Well Known and Active Forum Website User
VOC Member
If you go to the following link you will find a new post I just uploaded diagnosing in detail the cause of the failure of an aftermarket slip ring:

http://www.britbike.com/forums/ubbthreads.php?ubb=showflat&Number=507338#Post507338

As I write there, although the results of that dissection and analysis apply only to that one specific slip ring, the implications for users of aftermarket electrical components are much broader.

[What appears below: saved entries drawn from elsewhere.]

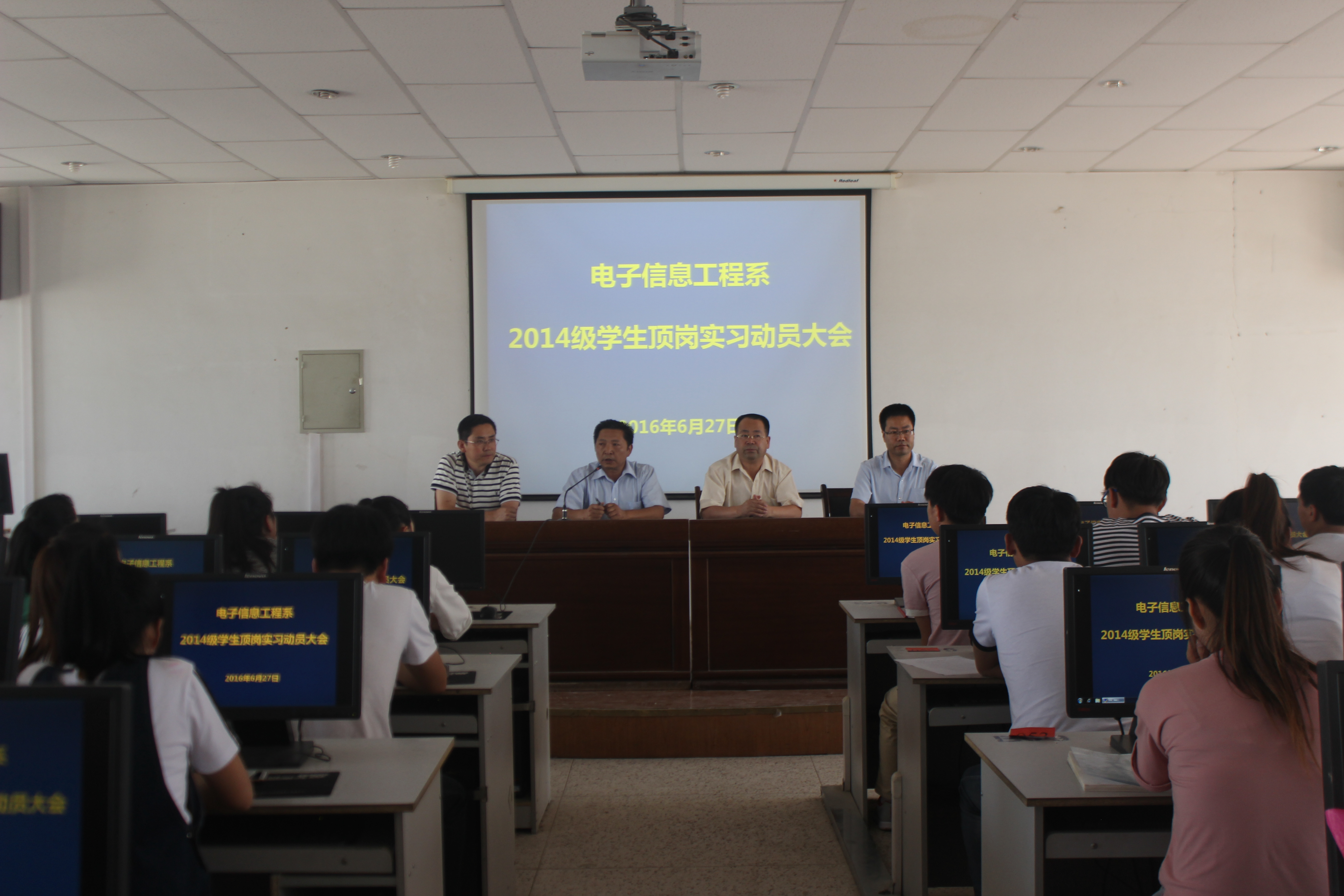 2016年6月27日下午3點(diǎn),電子信息工程系2014級(jí)學(xué)生頂崗實(shí)習(xí)動(dòng)員大會(huì)在尚德樓十一號(hào)機(jī)房舉行。系黨總支書記袁青年、系主任白玉珍、副書記張伯成,班主任鄧偉華、唐宗舜、孫麗山、陳平及2014級(jí)全體學(xué)生參加頂崗實(shí)習(xí)動(dòng)員大會(huì)。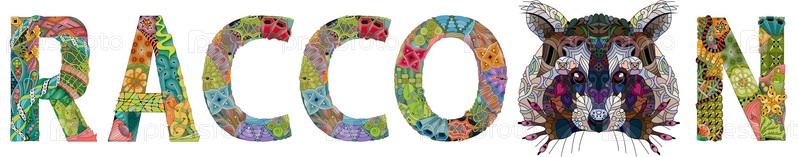 Zentangle стилизованное слово енот. Ручно нарисованная образцовая векторная иллюстрация на белом фоне. Эскиз для окрашивания для взрослых, плакаты, татуировки
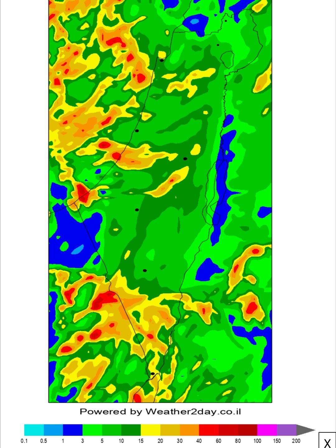 תחסית למערכות גשם המרכז ובדרום כמעט תמיד ללא
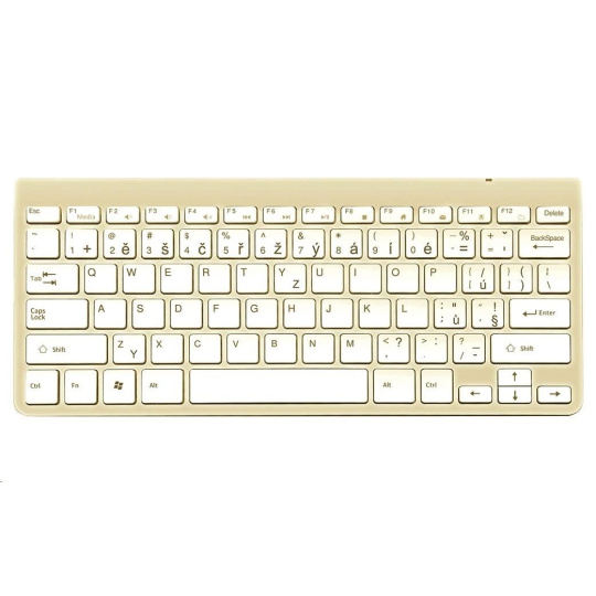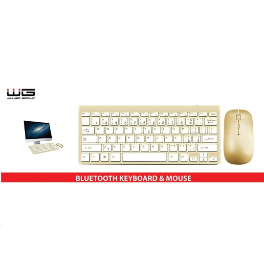 Bezdrátová sada skládající se z klávesnice a myši ve zlaté barvě vám rozhodně usnadní práci. Můžete zapomenout na zamotané kabely. Jak klávesnice, tak myš fungují prostřednictvím Bluetooth, díky čemuž se nemusíte starat o pohodlí.

With most mechanical components on a motorcycle it's clear whether or not an aftermarket product works. Either the holes line up properly (or the bolt has the right pitch, or the fuel tank fits, or...), or they don't. There can be exceptions, like a badly heat-treated camshaft, but largely the average mechanic can tell when they install an aftermarket product whether it has the quality they expected.

Aftermarket electrical products are a different story, since they require specialized instruments to know whether claims about them are valid or not. This can be seen in the above post about slip rings. Without a particular highly specialized General Radio Megohm Bridge that measures to 1000 TOhm (a thousand, million, million ohms) I couldn't have made some of the measurements I made that were necessary to determine the cause of failure of that slip ring. As I say at the end of that post, the failure mode of this slip ring now has me investigating other ways for stress-testing slip rings that could be used by people who don't have the necessary specialized electrical test instruments.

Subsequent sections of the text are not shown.